===== DATA =====
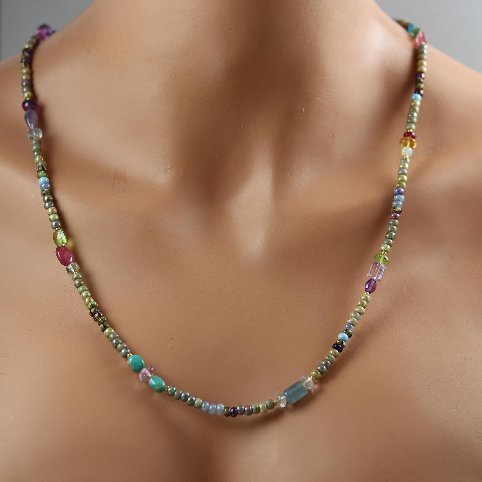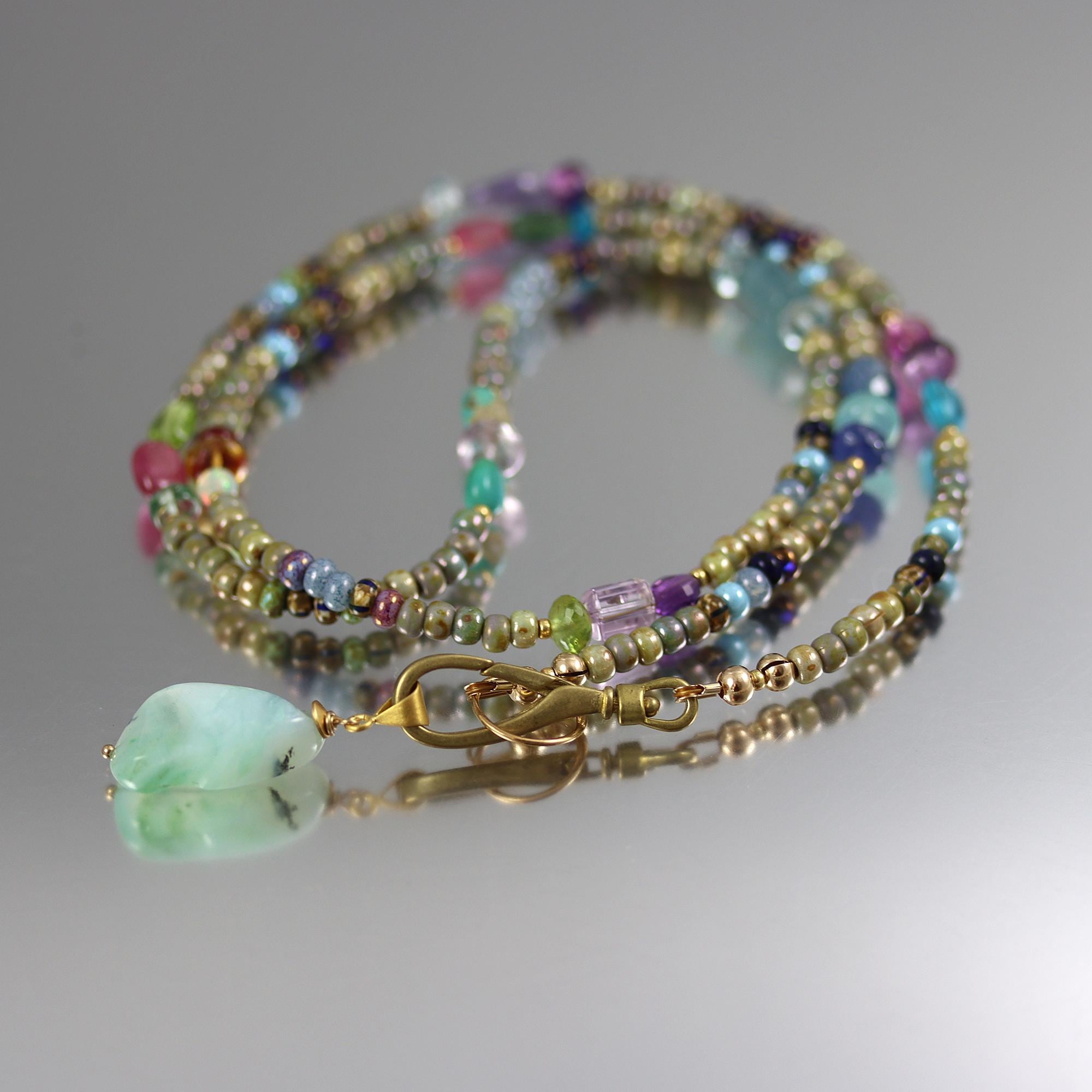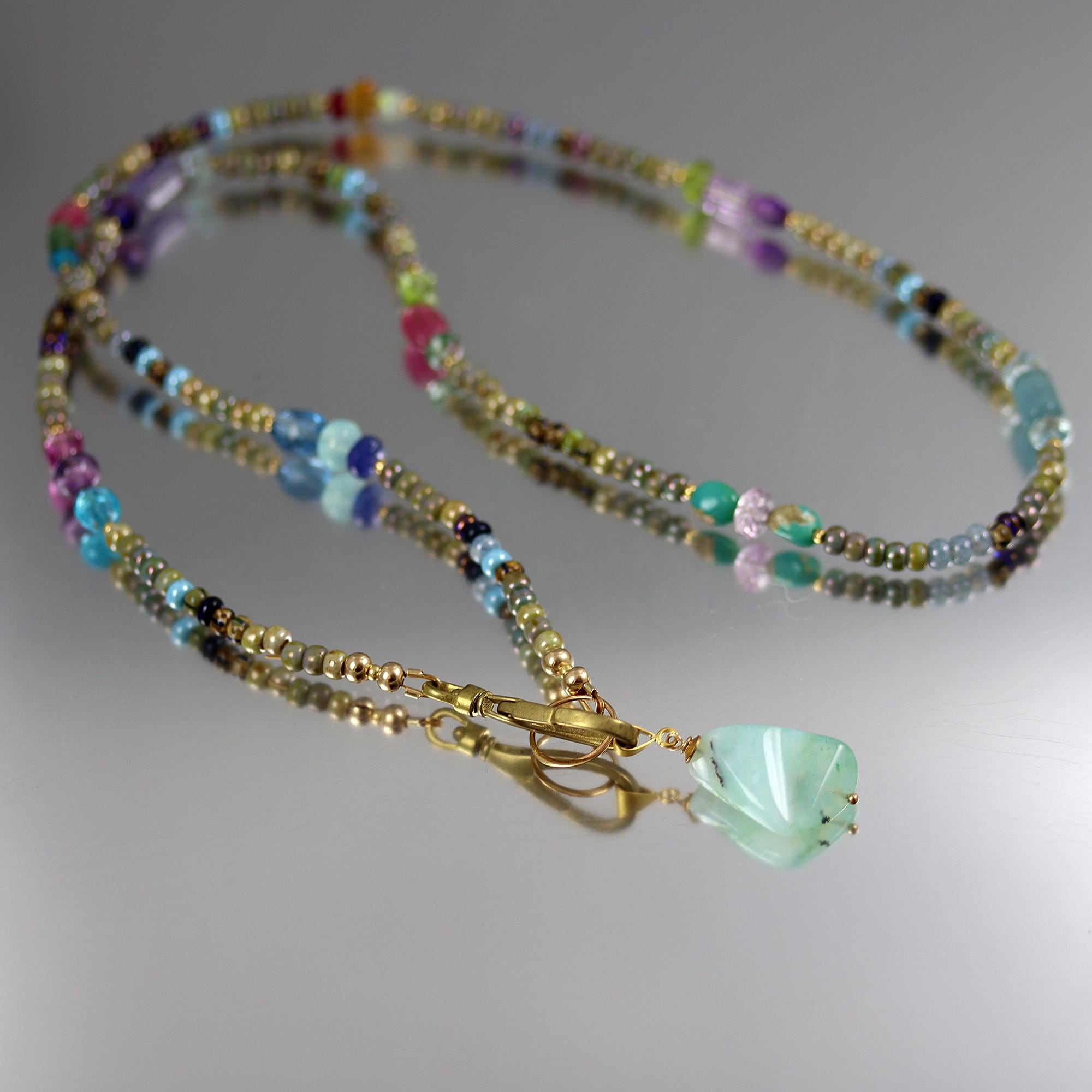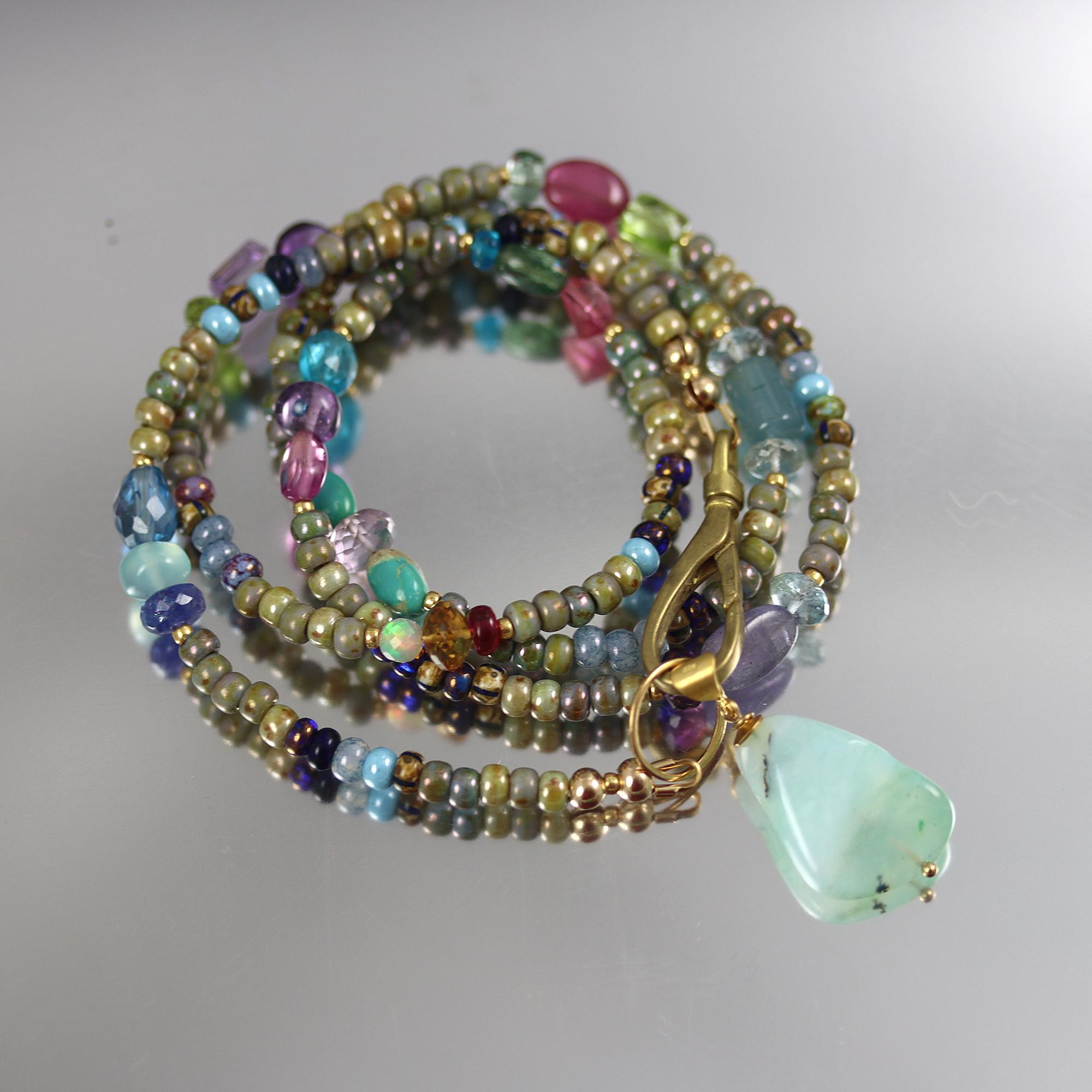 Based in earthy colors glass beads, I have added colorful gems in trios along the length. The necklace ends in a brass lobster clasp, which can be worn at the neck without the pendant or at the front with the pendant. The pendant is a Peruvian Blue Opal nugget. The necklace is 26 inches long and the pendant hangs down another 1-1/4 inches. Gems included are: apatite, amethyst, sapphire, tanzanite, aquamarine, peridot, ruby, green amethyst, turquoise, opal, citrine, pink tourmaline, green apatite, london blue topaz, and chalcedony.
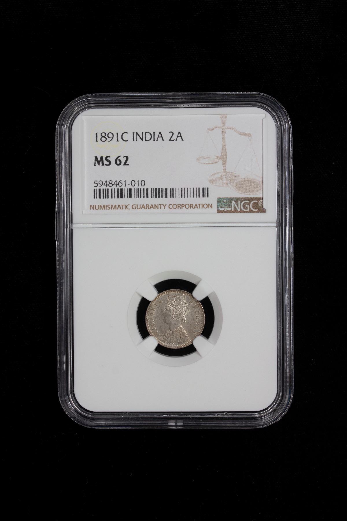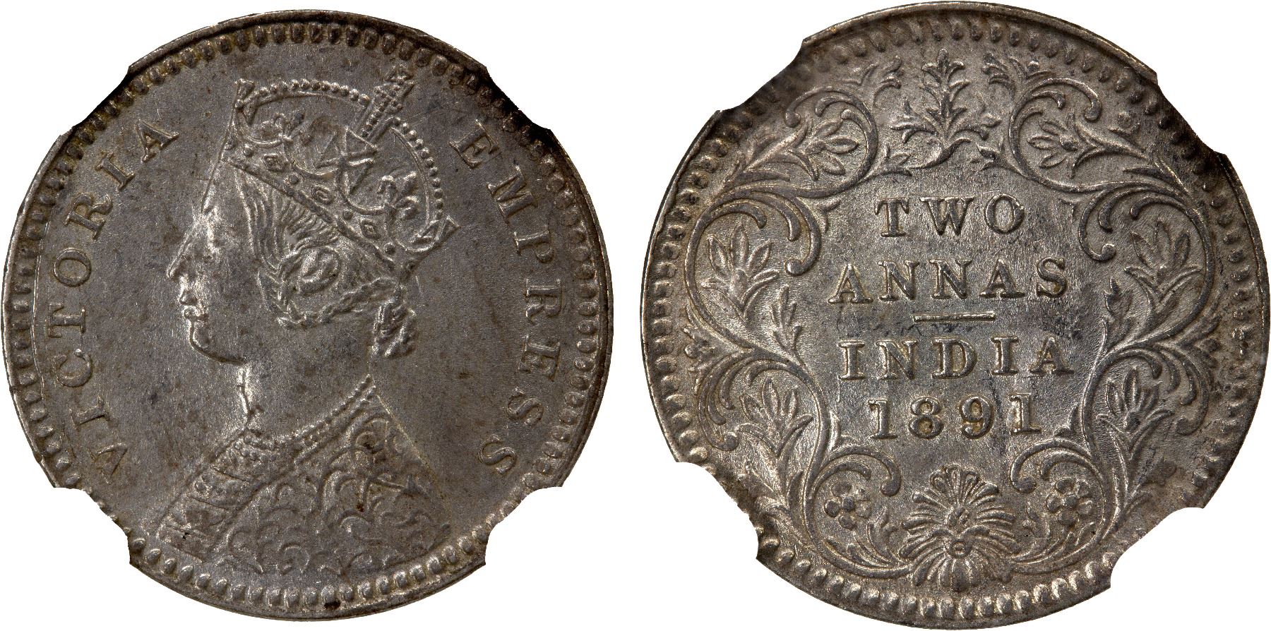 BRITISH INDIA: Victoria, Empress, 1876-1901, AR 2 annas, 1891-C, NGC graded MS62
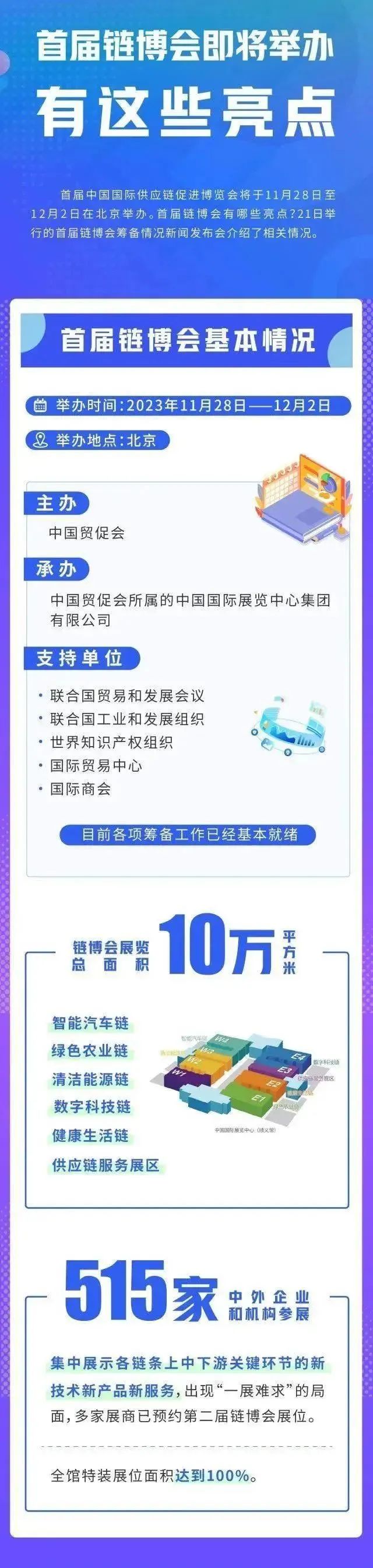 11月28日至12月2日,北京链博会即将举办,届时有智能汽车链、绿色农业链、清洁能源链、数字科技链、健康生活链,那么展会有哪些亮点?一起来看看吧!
=====
» **TASK ITEM**:
Skip all pictures. Write out only the lines from the one containing "BRITISH INDIA: Victoria, Empress, 1876-1901, AR" to the end of the listing above, inclusive, exactly as given.

» **SOLUTION FOR THIS TASK**:
 BRITISH INDIA: Victoria, Empress, 1876-1901, AR 2 annas, 1891-C, NGC graded MS62
 11月28日至12月2日,北京链博会即将举办,届时有智能汽车链、绿色农业链、清洁能源链、数字科技链、健康生活链,那么展会有哪些亮点?一起来看看吧!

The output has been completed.